Del paso de Mason por Madrid, yo, personalmente, no me sentí tan apelado por la letra
dura de su diagnóstico político, en el que asume el fin cercano e inevitable del capitalismo,
como por –parafraseando a Borges- el tamaño de su esperanza: la necesidad de abrir un espacio
de reflexión sobre las medidas urgentes que pueden llevar al sistema que lo sustituirá. Y me
pareció que hoy su desafío personal está puesto en una reelaboración constante de una
dramaturgia eficaz para ese discurso político. Eficaz como procedimiento para encapsular la
comprensión del pasado, pero también como un dignísimo artificio de inspiración.
La lección fundamental, me parece, es que el ejercicio consciente de contar y discutir la
realidad es ante todo un acto de rebeldía. No hay nada de natural en él, ni es algo que se pueda
dejar librado al azar. Tiene que ser una práctica cotidiana y hay que aprenderla y saber ejercerla
como tantas otras cosas.
La socióloga británica Ruth Levitas, que ha dedicado gran parte de su trabajo a las
relaciones entre el pensamiento utópico y la transformación efectiva de la realidad, insiste
mucho en darle un lugar privilegiado a la utopía como método de investigación y análisis. No
para convertirlo en el método, sino en un recurso metodológico que permita operar en niveles de
ensayo y especulación que muchas veces un enfoque más “científico” no lo permite. Para ello
cita a Ernst Bloch o a Fredric Jameson, quienes proponen educar y elaborar la relación entre
utopía y deseo. No como un proceso moral, sino como una técnica crítica. Algo similar a lo que
el sueco Fredrik Torisson sugiere en su libro Utopology, sobre utopía y arquitectura: no buscar
diagnósticos privilegiados, ni programas contundentes para transformar la realidad. Lo que
necesita buscarse, con el auxilio del pensamiento utópico, son marcos críticos amplios y
arriesgados. Si el elemento de fuerza de la utopía reside en su capacidad de imaginar, entonces
lo que se necesita es potenciar este aspecto sin ceder a la presión de dar soluciones.
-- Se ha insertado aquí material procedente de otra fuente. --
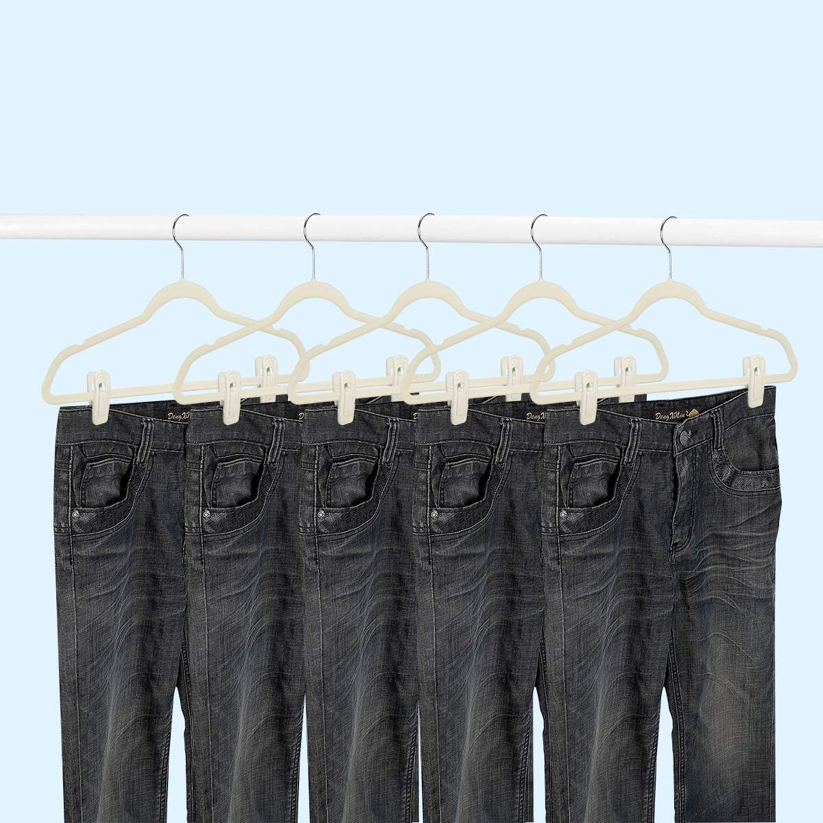 - β High-quality material: These hanger clips are made of PP material and covered with high-grade soft beige velvet. It is very sturdy and durable. The beige velvet hanger clips of 60packs can be easily matched with velvet hangers of any color and size. It looks very elegant and beautiful.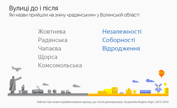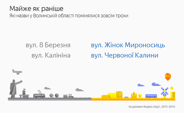 Якщо говорити про теми, яким віддавали перевагу при виборі нових назв вулиць, то на першому місці були події, що відображають новітню історію України. За даними Яндекса, у Волинській області з’явилось дві вулиці Героїв Майдану та по одній вулиці Героїв АТО й Небесної Сотні.
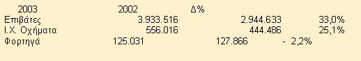 Συγκεκριμένα τα αποτελέσματα του Ομίλου για την χρήση του 2003 σε σύγκριση με το προηγούμενο έτος ήταν: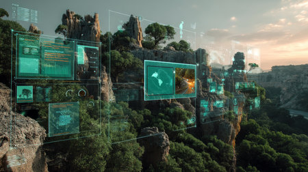 Augmented reality landscape with data overlays and futuristic UI.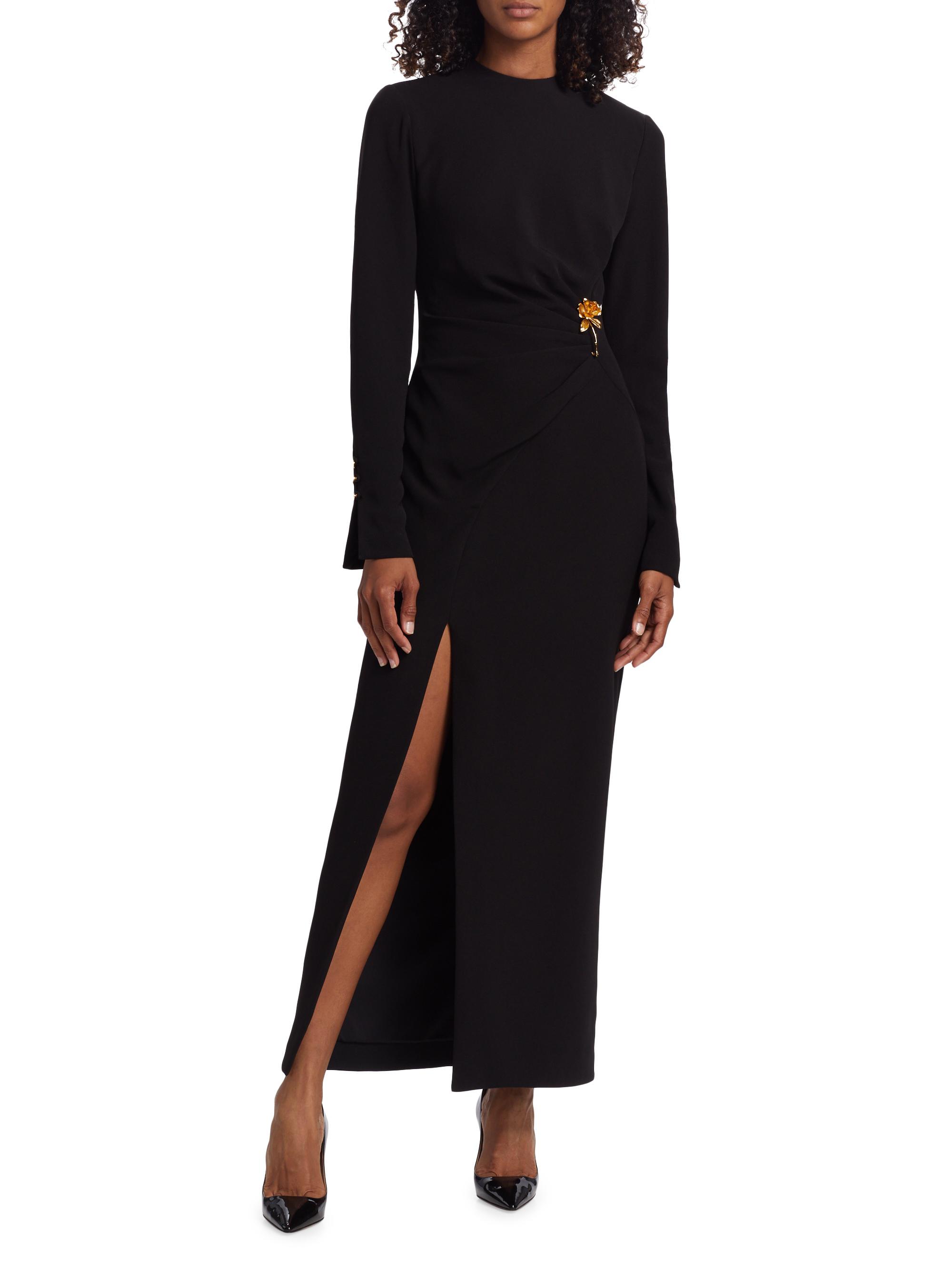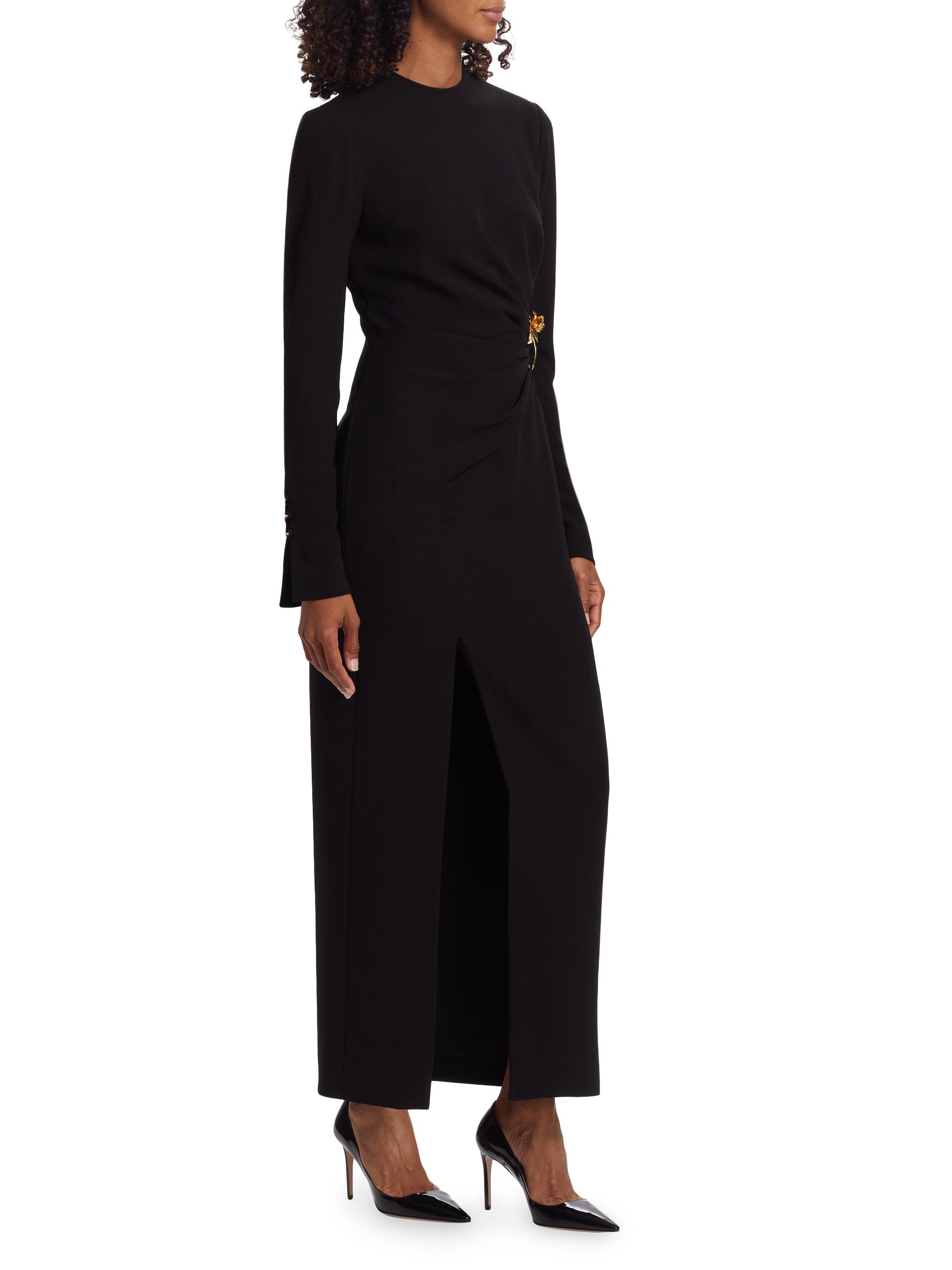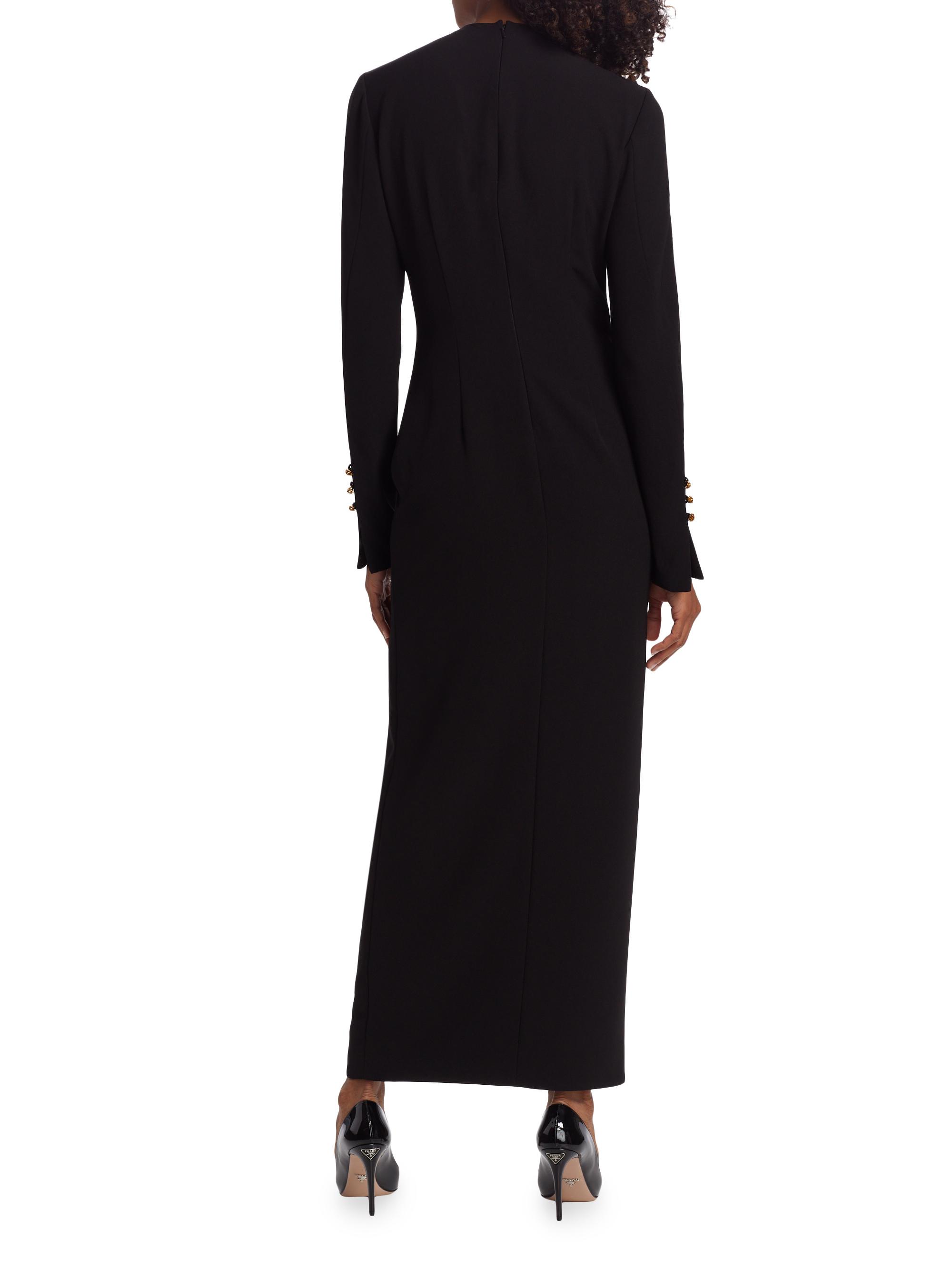 Lela Rose Long-Sleeve Draped Sheath Maxi Dress

En esa frecuencia, Levitas señala cómo Karl Marx evitó la tentación de ofrecer un plan
que dijera cómo debería ser la sociedad que él avizoraba, porque entendía eso como un territorio
peligroso en el que era imposible predecir las necesidades y los deseos del futuro. Para ella,
Jameson o Bloch, lo más importante era que pudiéramos resolver las formas elaboradas para
imaginar, que las cosas que en sí pudiéramos imaginar.
Si todo esto es cierto, si aquello de lo que habla Levitas es posible y la experiencia que
nos transmite Mason es útil, entonces habrían más vías para recorrer. Ya no tendríamos que
dejar la fuerza de nuestras historias y las problemáticas que estas nos plantean, en manos de
unos pocos para que las reduzcan o deformen. Por eso para mí hoy hablar de postcapitalismo,
ya sea como meta, metáfora, transición o cambio, sería la gran excusa que podríamos encontrar
para hablar de las transformaciones que necesitamos e importan. Esas que nos permitan
reapropiarnos de una vez por todas del rol político, social y subversivo de la palabra.